木造の水平構面の検討

 新グレー本になって悩むこと。それは水平構面の検討だ。知っての通りグレー本からは、床を剛床仮定ではなく、床倍率で検討するようになりました。それを新グレー本では耐力表示になりました。基本的には1.96倍すればいいだけなので違いはないはずだったのですが・・・。
 しかし、一番構造計算で使う根太レス構法が、床倍率3倍から4倍にアップしました。以前より床倍率3倍は過小すぎるとの指摘はあったのですが、それを修正したのでしょうか?しかし構面の検討自体は非常に楽になったのですが、床外周の金物(羽子板とか短冊とか)の設計がかなりシビアになりました。まあ単純に3分の4倍になったわけだからたまりません。新グレー本に書かれた耐力では持たないことが多くなりました。そこで羽子板など2本使うのですが、そうすると自然と梁が大きくなります。それでも足りないシーンが出てきました。外周の金物は床倍率が同じ場合、耐力壁線の距離によって決定されるため広い空間の部屋を設計すると、かなり難しくなることが理解できます。まあ理屈もなんとなくはわかるので、広すぎる部屋を設計する場合に慎重になるので、いい傾向かもしれませんが。
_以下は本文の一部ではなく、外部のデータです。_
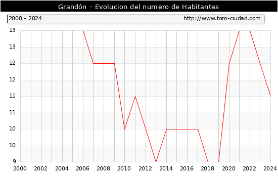 el numero de habitantes en Grandón era de 11, 1 habitantes menos que el en el año 2023. En el grafico siguiente se puede ver cuantos habitantes tiene Grandón a lo largo de los años.

 羽子板や短冊は、ホールダウン系と異なり、強度が強い物が少ないです。数少ないSマーク認定品などもありますが、わずかな性能アップにとどまります。そのためホールダウン金物を横に使うことも増えるかもしれません。
 もっとも新グレー本では、検討の省略条件というのもあり、ある程度の広い建物で無理が内プランなら計算しないで仕様規定でいける場合もあります。できればこちらが使える程度の無理ない設計にしたいものです。